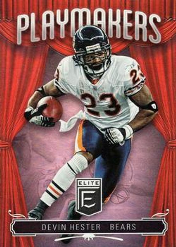 The Devin Hester 2019 Elite #PM-12 Playmakers card is 1 of 5 Devin Hester's card variations in the 2019 Elite set being tracked by Sports Card Investor, including Passing the Torch Signatures Singles /10, Playmakers - Gold /10, Passing the Torch Signatures Singles - Black /1, and Playmakers - Black /1.
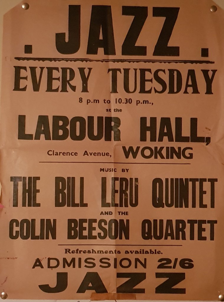 Cauldwell recalls BLQ being the warm up band for Tubby Hayes in Farnborough (possibly Farnborough Tech), but not in Woking. Apparently Tubby was getting rather drunk back stage, with a bottle in hand, and there was concern about how he’d manage the gig; but when he got on stage he played like a god. In the late 50’s/early 60’s, Tuesday was Jazz night at the Labour Hall, on Clarence Avenue, Woking and this featured The Bill Leru Quintet supported by the Colin Beeson Quartet.
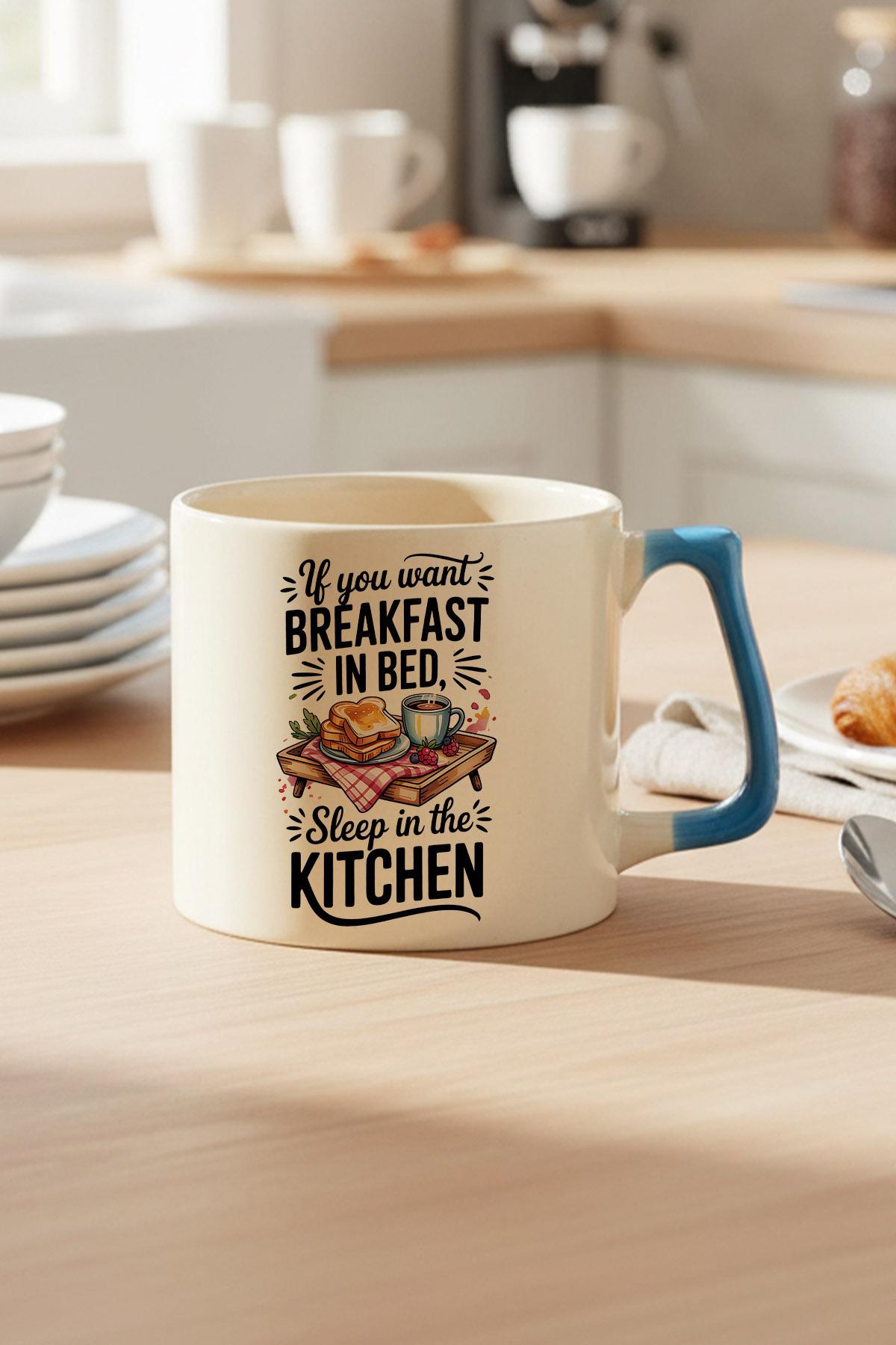 If You Want Breakfast Baskılı Mavi D Kulplu Kupa Bardak

• • • •

**Exercise directions:** Word for word, reproduce each line from the one with "Cauldwell recalls BLQ" through the last line of the material above, both included, and drop the pictures.

**Task output:**
 Cauldwell recalls BLQ being the warm up band for Tubby Hayes in Farnborough (possibly Farnborough Tech), but not in Woking. Apparently Tubby was getting rather drunk back stage, with a bottle in hand, and there was concern about how he’d manage the gig; but when he got on stage he played like a god. In the late 50’s/early 60’s, Tuesday was Jazz night at the Labour Hall, on Clarence Avenue, Woking and this featured The Bill Leru Quintet supported by the Colin Beeson Quartet.
 If You Want Breakfast Baskılı Mavi D Kulplu Kupa Bardak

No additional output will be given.